Make an exact transcript of the lines in the data below, starting with the one containing "Die FALKE Cellulite" and going on through the one containing "估计金价在3100关口附近争", with both included and the pictures left out.

STUDY MATERIAL →
# # #

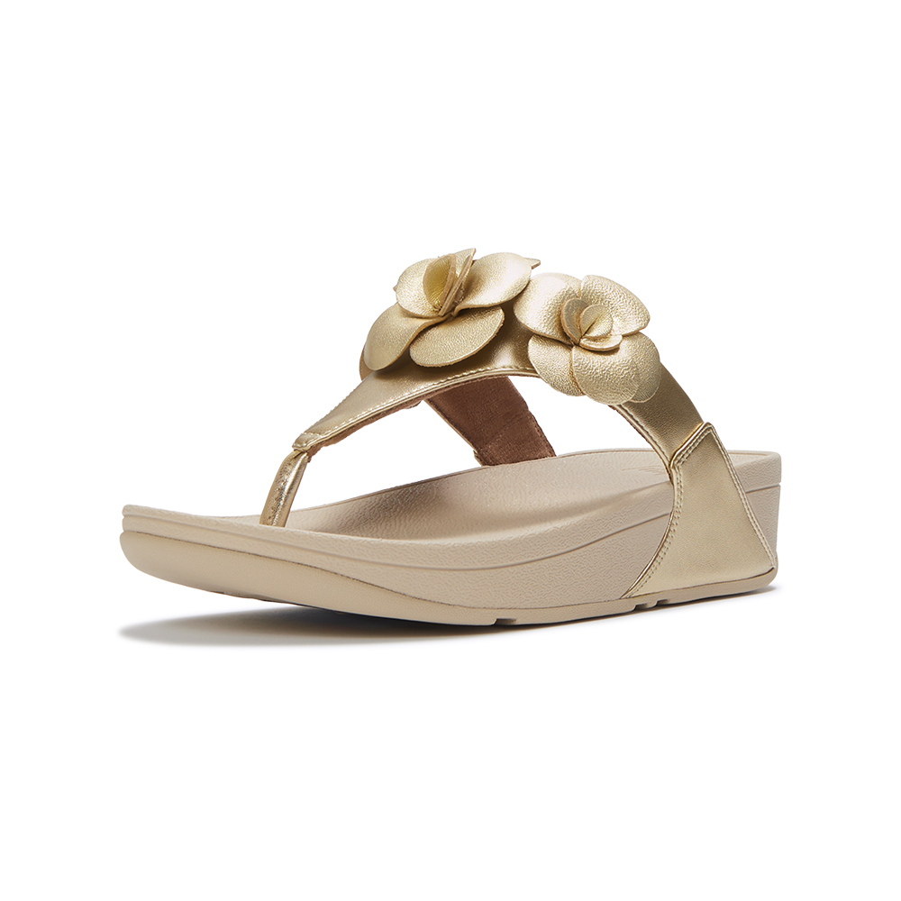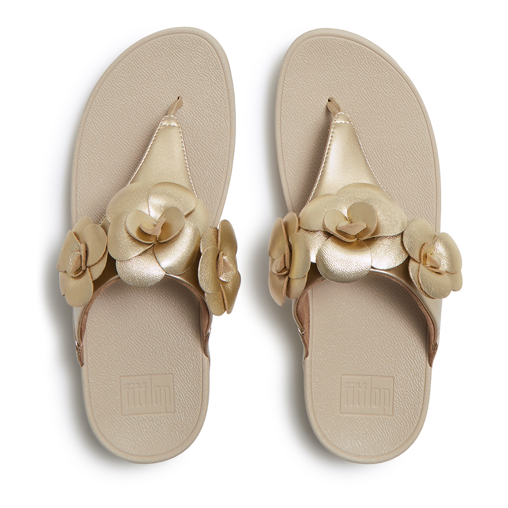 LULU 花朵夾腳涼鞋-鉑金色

# # #

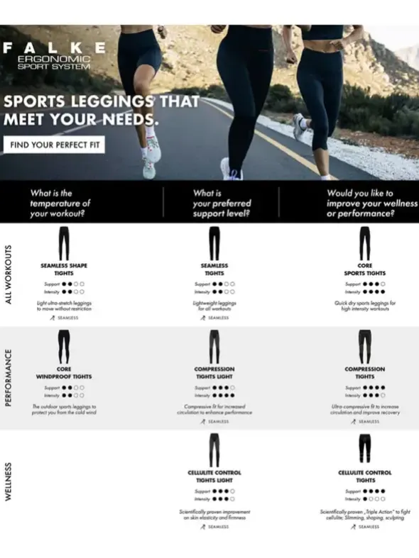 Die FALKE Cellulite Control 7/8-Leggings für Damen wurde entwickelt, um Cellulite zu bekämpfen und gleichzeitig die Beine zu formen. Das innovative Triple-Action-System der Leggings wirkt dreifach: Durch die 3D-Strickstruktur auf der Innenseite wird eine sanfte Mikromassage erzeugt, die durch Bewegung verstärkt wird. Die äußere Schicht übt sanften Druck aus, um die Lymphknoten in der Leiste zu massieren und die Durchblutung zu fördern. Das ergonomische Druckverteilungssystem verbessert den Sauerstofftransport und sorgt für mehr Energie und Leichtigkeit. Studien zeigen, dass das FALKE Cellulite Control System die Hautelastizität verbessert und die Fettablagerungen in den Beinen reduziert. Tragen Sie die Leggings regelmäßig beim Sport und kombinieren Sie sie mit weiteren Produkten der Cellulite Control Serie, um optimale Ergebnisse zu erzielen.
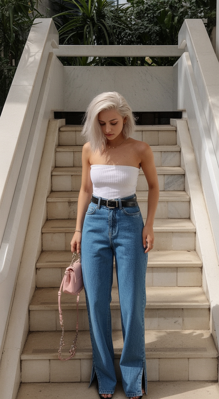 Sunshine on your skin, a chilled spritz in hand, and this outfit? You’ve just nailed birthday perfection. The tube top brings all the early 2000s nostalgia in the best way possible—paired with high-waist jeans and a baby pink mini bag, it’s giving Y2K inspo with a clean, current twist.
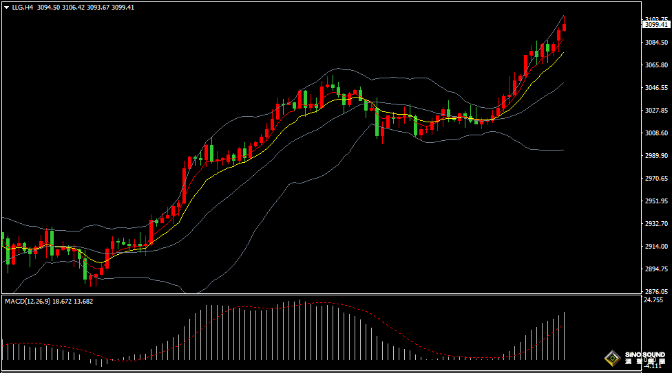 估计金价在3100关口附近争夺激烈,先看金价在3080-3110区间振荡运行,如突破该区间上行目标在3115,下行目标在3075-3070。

# # #

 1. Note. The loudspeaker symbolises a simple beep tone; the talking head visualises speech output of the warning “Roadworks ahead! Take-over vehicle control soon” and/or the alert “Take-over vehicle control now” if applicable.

# # #

ANSWER TO THE PROBLEM →
 Die FALKE Cellulite Control 7/8-Leggings für Damen wurde entwickelt, um Cellulite zu bekämpfen und gleichzeitig die Beine zu formen. Das innovative Triple-Action-System der Leggings wirkt dreifach: Durch die 3D-Strickstruktur auf der Innenseite wird eine sanfte Mikromassage erzeugt, die durch Bewegung verstärkt wird. Die äußere Schicht übt sanften Druck aus, um die Lymphknoten in der Leiste zu massieren und die Durchblutung zu fördern. Das ergonomische Druckverteilungssystem verbessert den Sauerstofftransport und sorgt für mehr Energie und Leichtigkeit. Studien zeigen, dass das FALKE Cellulite Control System die Hautelastizität verbessert und die Fettablagerungen in den Beinen reduziert. Tragen Sie die Leggings regelmäßig beim Sport und kombinieren Sie sie mit weiteren Produkten der Cellulite Control Serie, um optimale Ergebnisse zu erzielen.
 Sunshine on your skin, a chilled spritz in hand, and this outfit? You’ve just nailed birthday perfection. The tube top brings all the early 2000s nostalgia in the best way possible—paired with high-waist jeans and a baby pink mini bag, it’s giving Y2K inspo with a clean, current twist.
 估计金价在3100关口附近争夺激烈,先看金价在3080-3110区间振荡运行,如突破该区间上行目标在3115,下行目标在3075-3070。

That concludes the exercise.